Shyam controlled from my saying that his name is Shyam but went on with dimwit.

“What am I saying? Yes, so I have observed that effect these shoes…”

“Duckers…”

“Sorry! You said something?”

“No sir, please continue.”

“And I got this idea that of using them in our interrogation.”

Shyam was unable to believe his ears. He was hearing a symphony by Bach and Mozart.

“Give me the full load and how much does it cost?”

“Each pair Rs 2000 sir, with a free coupon that can be redeemed in next 10mins in a shopping mall that is yet to open.”

“Forget the coupon. Give me all the pairs.”

“I just have two pairs sir, the production stopped after that. Workers made claims about their basic human rights or something.”

“I get their point.” smiled the man.


 

Two weeks later………………

 

“Well well look who we have here.” beamed the interrogator.

“Whom do we have?” asked Mohan with trepidation. He was arrested on charges of conspirator for a bomb blast (which never happened due to cheap iron quality used in making bomb), for he was the only one who didn’t run when the old man on street pointed at bomb.

“We have you my dear and you have me , the Yama.”

“That’s a weird name to have, Yama.”

“Tut tut , that’s not my name. That’s actually usage of…forget it…tell me about the bomb and it’s relation to you.”

“I dont know anything about the bomb. I always walk slowly, there is this theory that if a landslide….”

“Cut the cud Mr.Mohan. Tell me about the bomb like a good boy else I should be forced to use my weapon.”

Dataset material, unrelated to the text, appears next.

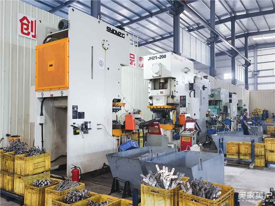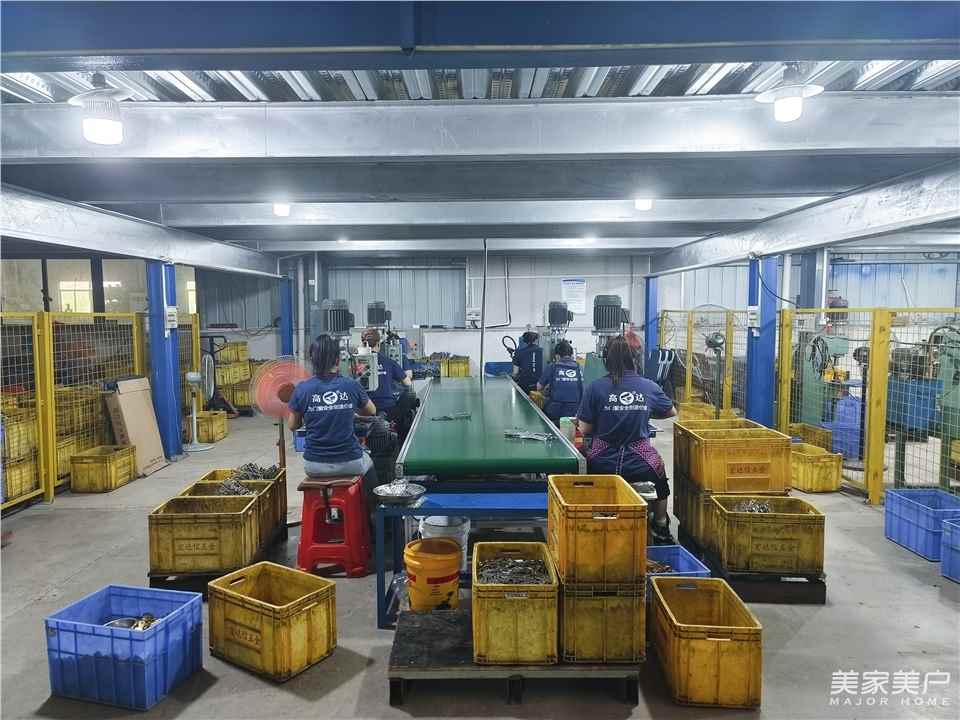 高达五金的核心技术是冲压技术,在国内处于领先地位。采访中,郑志勇详细介绍了其产品的优势。“我们主要生产一些平开窗的铰链和功能性五金,其中外开上悬门窗五金是我们的核心产品。外开上悬窗适用于南方地区,它具有双功能的开启方式:在下雨天可以悬挂通风透气,而在晴天可以打开以获得更好的通风效果。此外,它还可以清洗玻璃后再关闭,既具备了平开的功能,又具备了悬挂的功能,是一套功能性较高的高端五金产品。该产品制作要求较高,安装工序和生产工序相对复杂,大约有200到300个工序。高达五金在外开上悬五金产品方面,已拥有9项自主研发的专利。”
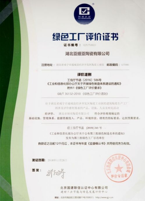 亞細亞瓷磚喜獲“國內綠色工廠”認證

“Sir I really dont know about bombs. I was walking back from park ….”

“Well well..if you stick to your story…” slyly smiled interrogator and picked up a bag that is stamped with several skulls and bones.


 

“No not these things again , please!!!!!! I confess to every crime in world but pleas dont show me these again.”


 

“Darling everything has a place in this world.” reflected Shyam after seeing the news about the new instrument that arrested a terrorist.

“What are you talking about?” asked Padma who was busy counting the waves.

“It’s all a matter of sales pitch and presentation.”

“Forty two ..forty…you were saying something dear?”